§ Entries provided:

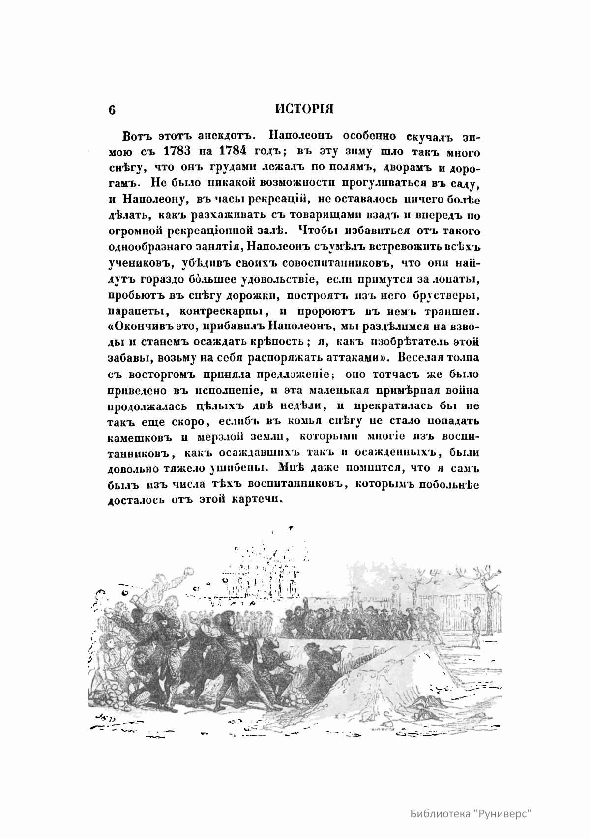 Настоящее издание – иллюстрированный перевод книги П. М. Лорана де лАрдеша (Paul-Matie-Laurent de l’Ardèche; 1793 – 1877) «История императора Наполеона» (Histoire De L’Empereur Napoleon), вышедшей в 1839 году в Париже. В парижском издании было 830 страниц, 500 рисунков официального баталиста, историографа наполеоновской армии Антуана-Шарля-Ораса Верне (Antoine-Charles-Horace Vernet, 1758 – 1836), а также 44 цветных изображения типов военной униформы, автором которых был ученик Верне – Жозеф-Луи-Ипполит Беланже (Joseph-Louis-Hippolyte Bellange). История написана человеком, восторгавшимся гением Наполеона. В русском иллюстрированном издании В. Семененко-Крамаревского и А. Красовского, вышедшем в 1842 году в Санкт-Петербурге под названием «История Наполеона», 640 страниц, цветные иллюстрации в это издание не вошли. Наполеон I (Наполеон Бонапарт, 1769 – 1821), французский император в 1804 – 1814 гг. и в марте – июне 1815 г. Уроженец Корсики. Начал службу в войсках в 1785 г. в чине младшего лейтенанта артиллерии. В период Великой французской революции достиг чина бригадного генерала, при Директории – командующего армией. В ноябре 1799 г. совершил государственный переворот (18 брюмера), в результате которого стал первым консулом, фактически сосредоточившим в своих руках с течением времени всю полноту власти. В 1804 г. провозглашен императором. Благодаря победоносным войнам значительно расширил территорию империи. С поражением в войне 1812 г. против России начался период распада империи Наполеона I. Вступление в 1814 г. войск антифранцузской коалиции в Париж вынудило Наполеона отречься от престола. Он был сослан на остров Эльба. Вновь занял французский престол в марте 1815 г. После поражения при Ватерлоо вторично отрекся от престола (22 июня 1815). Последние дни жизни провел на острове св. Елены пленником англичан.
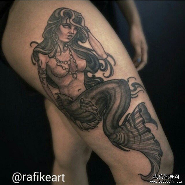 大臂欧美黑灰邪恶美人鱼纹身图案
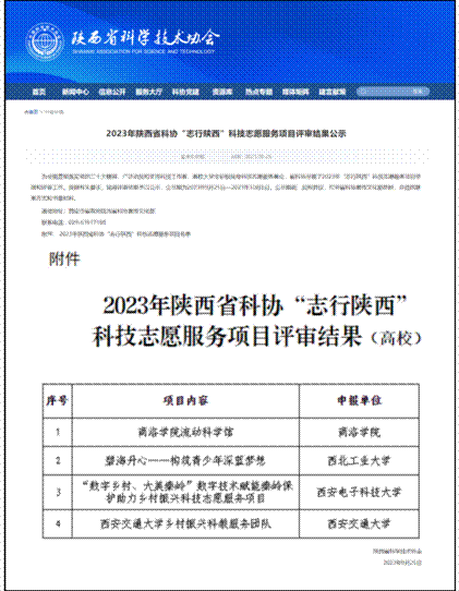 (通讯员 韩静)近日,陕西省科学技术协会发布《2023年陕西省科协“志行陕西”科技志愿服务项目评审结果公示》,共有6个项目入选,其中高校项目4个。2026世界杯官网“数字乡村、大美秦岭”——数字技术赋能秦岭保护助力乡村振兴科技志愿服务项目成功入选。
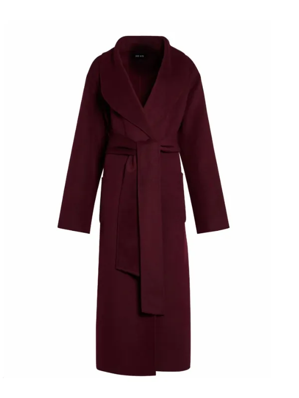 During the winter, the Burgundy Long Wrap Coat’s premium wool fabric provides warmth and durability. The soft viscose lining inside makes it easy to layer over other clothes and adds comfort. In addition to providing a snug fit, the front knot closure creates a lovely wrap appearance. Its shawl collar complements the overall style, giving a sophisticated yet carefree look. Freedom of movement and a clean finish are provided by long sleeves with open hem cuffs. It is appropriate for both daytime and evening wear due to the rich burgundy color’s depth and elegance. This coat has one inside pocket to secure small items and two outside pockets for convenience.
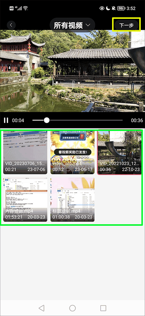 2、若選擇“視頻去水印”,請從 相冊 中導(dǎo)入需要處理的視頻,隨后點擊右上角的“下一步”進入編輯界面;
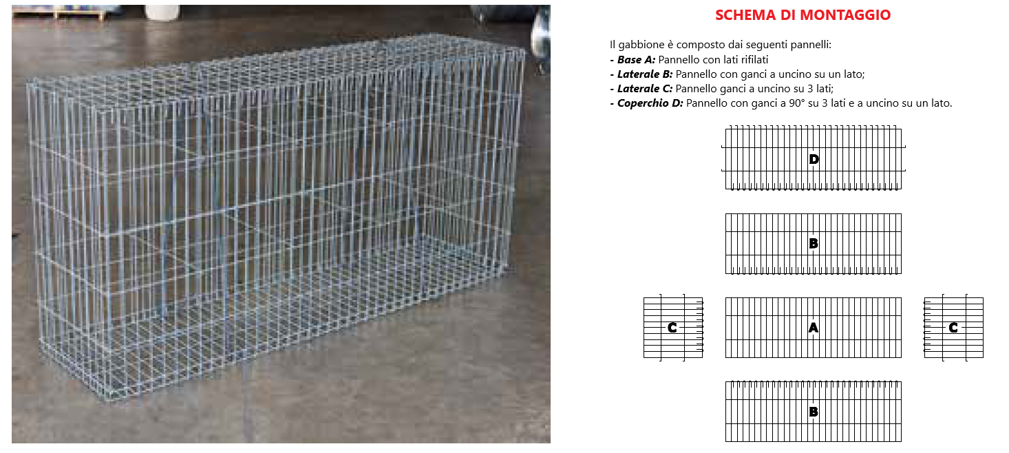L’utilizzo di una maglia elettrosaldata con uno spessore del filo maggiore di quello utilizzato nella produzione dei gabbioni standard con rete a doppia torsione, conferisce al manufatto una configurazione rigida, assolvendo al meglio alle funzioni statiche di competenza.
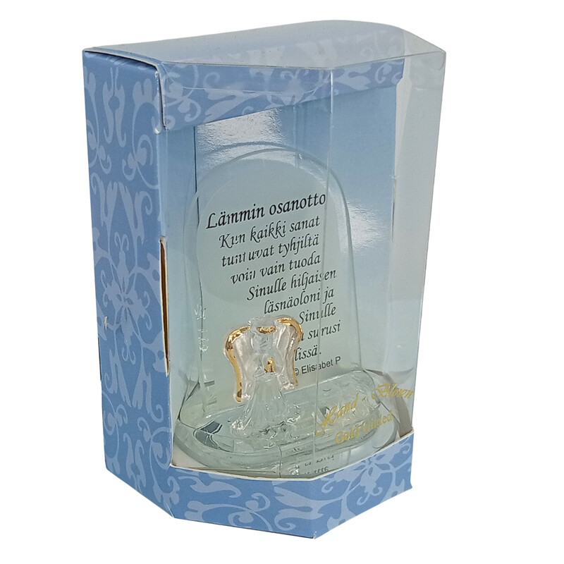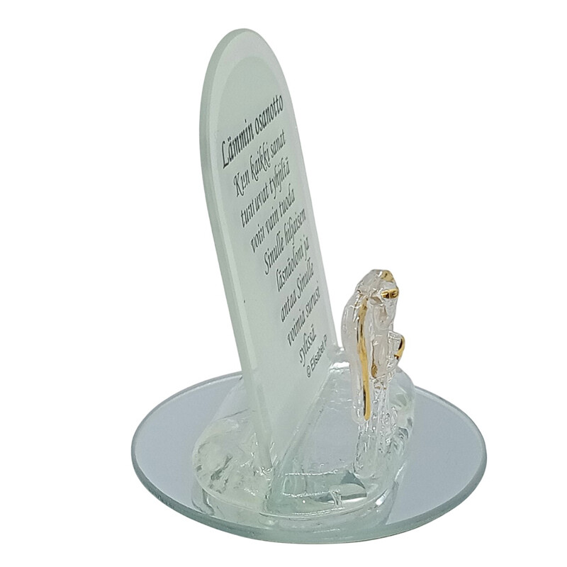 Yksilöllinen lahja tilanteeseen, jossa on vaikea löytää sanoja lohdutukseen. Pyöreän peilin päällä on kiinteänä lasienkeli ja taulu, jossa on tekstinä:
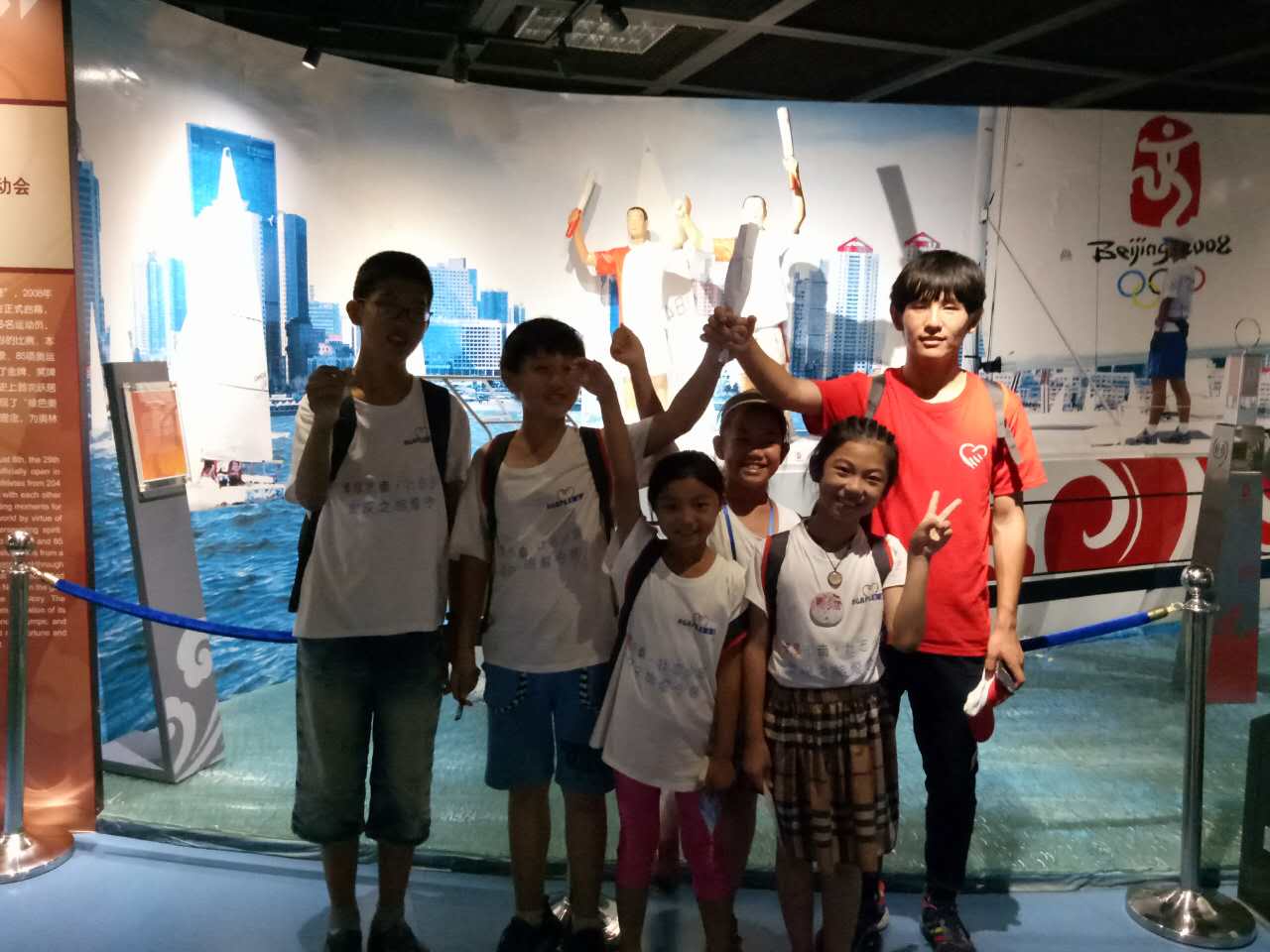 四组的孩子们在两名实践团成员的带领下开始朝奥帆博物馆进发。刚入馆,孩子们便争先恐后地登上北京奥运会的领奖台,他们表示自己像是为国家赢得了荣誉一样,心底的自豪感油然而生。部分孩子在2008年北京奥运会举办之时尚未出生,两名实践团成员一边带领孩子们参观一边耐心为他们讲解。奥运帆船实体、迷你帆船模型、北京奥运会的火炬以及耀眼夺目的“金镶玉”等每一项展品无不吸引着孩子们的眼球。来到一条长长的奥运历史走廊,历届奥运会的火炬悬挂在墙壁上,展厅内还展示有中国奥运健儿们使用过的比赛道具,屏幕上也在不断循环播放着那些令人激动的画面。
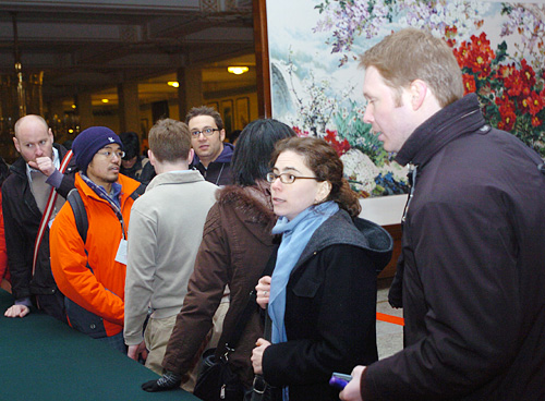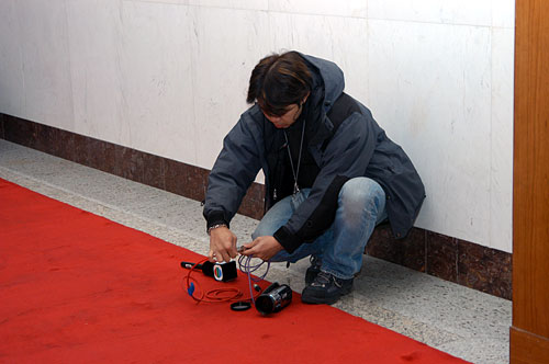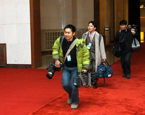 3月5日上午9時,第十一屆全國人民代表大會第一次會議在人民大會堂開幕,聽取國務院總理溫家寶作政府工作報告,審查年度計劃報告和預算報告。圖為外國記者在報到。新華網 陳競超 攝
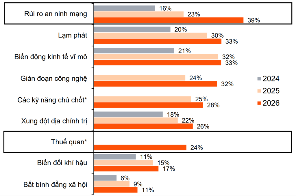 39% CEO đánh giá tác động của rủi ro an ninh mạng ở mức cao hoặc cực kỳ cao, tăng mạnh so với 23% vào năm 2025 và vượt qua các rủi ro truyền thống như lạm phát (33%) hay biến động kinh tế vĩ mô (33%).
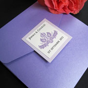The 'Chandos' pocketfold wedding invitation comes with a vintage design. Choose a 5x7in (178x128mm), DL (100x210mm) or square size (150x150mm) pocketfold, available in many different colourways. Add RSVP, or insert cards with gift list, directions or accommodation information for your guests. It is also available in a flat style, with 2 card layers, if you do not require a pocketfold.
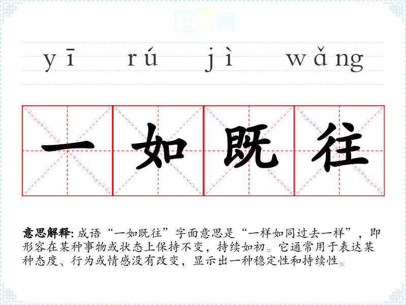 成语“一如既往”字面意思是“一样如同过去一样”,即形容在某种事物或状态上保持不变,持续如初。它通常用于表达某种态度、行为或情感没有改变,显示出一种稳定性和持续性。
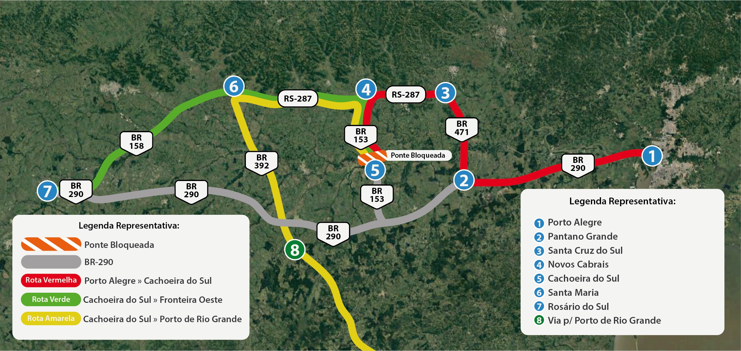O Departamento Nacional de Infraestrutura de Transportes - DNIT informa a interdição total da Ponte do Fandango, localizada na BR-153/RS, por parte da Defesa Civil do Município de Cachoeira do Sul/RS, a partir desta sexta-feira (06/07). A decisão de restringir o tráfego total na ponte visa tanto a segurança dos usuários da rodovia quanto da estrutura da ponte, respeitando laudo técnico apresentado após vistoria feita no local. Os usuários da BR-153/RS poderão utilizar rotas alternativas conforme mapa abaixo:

§ Aim of the task:
Output exactly those lines of the data above that run from the line with "四组的孩子们在两名实践团成员" up to and including the line with "39% CEO đánh". No pictures go in.

§ Answer to this exercise:
 四组的孩子们在两名实践团成员的带领下开始朝奥帆博物馆进发。刚入馆,孩子们便争先恐后地登上北京奥运会的领奖台,他们表示自己像是为国家赢得了荣誉一样,心底的自豪感油然而生。部分孩子在2008年北京奥运会举办之时尚未出生,两名实践团成员一边带领孩子们参观一边耐心为他们讲解。奥运帆船实体、迷你帆船模型、北京奥运会的火炬以及耀眼夺目的“金镶玉”等每一项展品无不吸引着孩子们的眼球。来到一条长长的奥运历史走廊,历届奥运会的火炬悬挂在墙壁上,展厅内还展示有中国奥运健儿们使用过的比赛道具,屏幕上也在不断循环播放着那些令人激动的画面。
 3月5日上午9時,第十一屆全國人民代表大會第一次會議在人民大會堂開幕,聽取國務院總理溫家寶作政府工作報告,審查年度計劃報告和預算報告。圖為外國記者在報到。新華網 陳競超 攝
 39% CEO đánh giá tác động của rủi ro an ninh mạng ở mức cao hoặc cực kỳ cao, tăng mạnh so với 23% vào năm 2025 và vượt qua các rủi ro truyền thống như lạm phát (33%) hay biến động kinh tế vĩ mô (33%).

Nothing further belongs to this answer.